WHAT YOU WILL DO » Up to and including the line holding "A Saúde municipal", write out the data exactly from its first line, but not the pictures.

EXTRACTED DATA »
▬▬▬▬▬▬▬▬▬▬

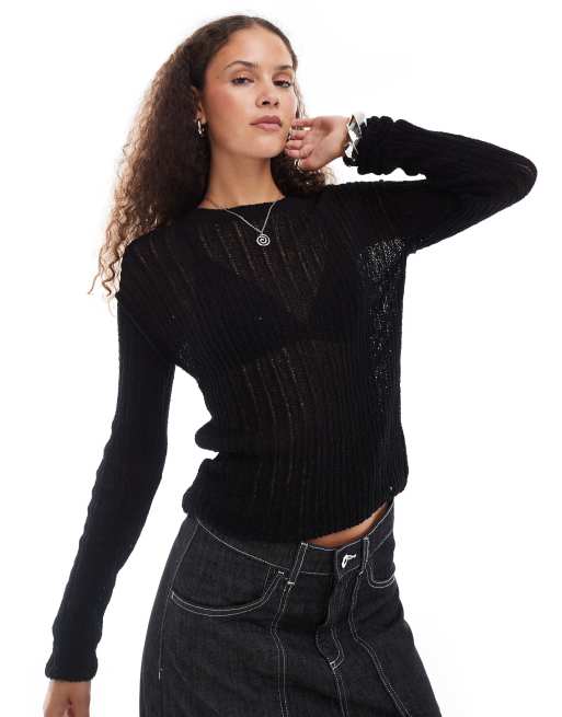Weekday slim fit lightweight rib jumper in black
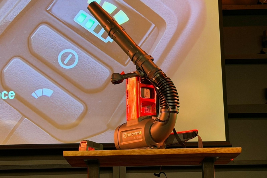 Husqvarna kwam in De Loods met een Europese primeur: een rug gedragen bladblazer, die de nieuwe standaard in de industrie belooft te worden. Zowel op het gebied van blaaskracht als capaciteit zou de nieuwe blazer tot de absolute top behoren. Compleet met drie accu's kun je 30 minuten op volle kracht werken.
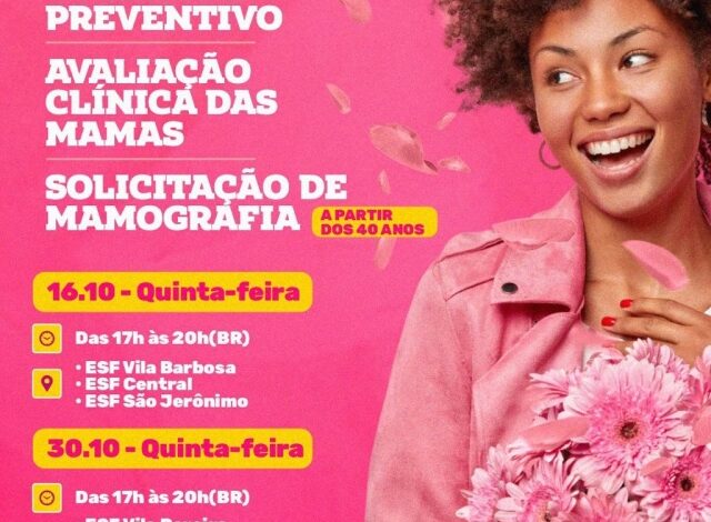 A Saúde municipal reforça que o diagnóstico precoce é crucial para aumentar as chances de cura. A todas as mulheres, o convite é para “olhar para você com mais atenção, realize os exames preventivos e incentive outras mulheres a fazerem o mesmo.”
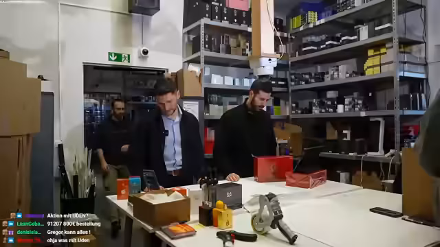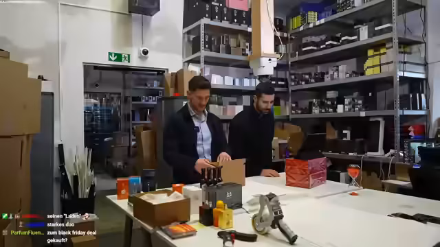 01:49:13Max und Nico übernehmen den "Puckstream" und begrüßen die Zuschauer. Sie kündigen Special Deals und Geschenke an, die in den nächsten Bestellungen enthalten sein werden, darunter Roberto Ugolini, Marc Gebauer Chiliöl, Parfums de Marly Discovery Collection, Petra White Label und Lava Lampen. Auch Kunden, die bereits bei "Gebauer und Gebauer" bestellt haben, erhalten Geschenke. Die "Puckstream"-Session dient als Überbrückung, bevor der Haupt-Stream am Abend beginnt. Es wird ein Deal angekündigt: Die nächsten fünf Kunden, die einen Marc Gebauer Vollflakon bestellen, erhalten ein Petra White Label gratis. Die Düfte "Private Garden" und "Orange Flamingo" werden als persönliche Favoriten genannt. Eine Bestellung von Erik aus Zossen, der ein "The Master T-Shirt" bestellt hat, wird mit Empadia, Gris Chanel, Sunset Duftöl, Marc Gebauer Schlüsselanhänger und einer Duftprobe von Edgids sowie Chiliöl verpackt. Eine weitere Bestellung von Roland aus Ebersberg, der ebenfalls bei "Gebauer und Gebauer" bestellt hat, erhält eine Lavalampe und einen Atkinson Duftbeutel. Leonid aus Wedemark, der "Vendetta" bestellt hat, bekommt ebenfalls ein Petra White Label. Es wird betont, dass die "Puckstream"-Session eine gute Gelegenheit ist, um Geschenke zu erhalten. Dennis aus Löhningen bestellt "Private Garden" und erhält ein Marc Gebauer Discovery Set sowie ein Petra White Label. Jasmin aus Lünen bestellt "Orange Flamingo" und erhält zwei Passessoir. Bayram aus Eggenfelden bestellt ein "Overshirt Ryan" und bekommt eine Sanduhr und ein Chiliöl. Die Top-3-Düfte der Streamer sind Reflection 45, London und Naxos. Für den Einzelhandel werden Reflection 45, Manes oder Private Garden empfohlen.
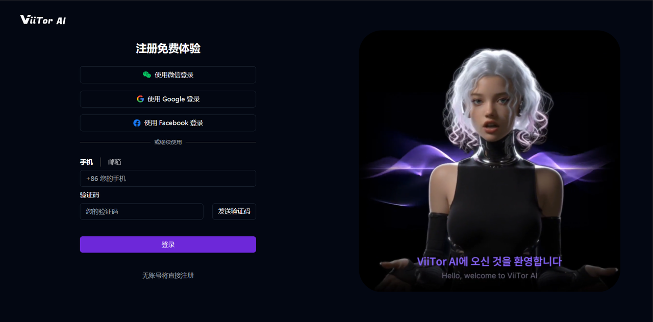 先登录 ViiTor AI,未注册用户可通过邮箱、手机号快速注册,或用社交账号注册登录。

▬▬▬▬▬▬▬▬▬▬

SOLVED PROBLEM »
Weekday slim fit lightweight rib jumper in black
 Husqvarna kwam in De Loods met een Europese primeur: een rug gedragen bladblazer, die de nieuwe standaard in de industrie belooft te worden. Zowel op het gebied van blaaskracht als capaciteit zou de nieuwe blazer tot de absolute top behoren. Compleet met drie accu's kun je 30 minuten op volle kracht werken.
 A Saúde municipal reforça que o diagnóstico precoce é crucial para aumentar as chances de cura. A todas as mulheres, o convite é para “olhar para você com mais atenção, realize os exames preventivos e incentive outras mulheres a fazerem o mesmo.”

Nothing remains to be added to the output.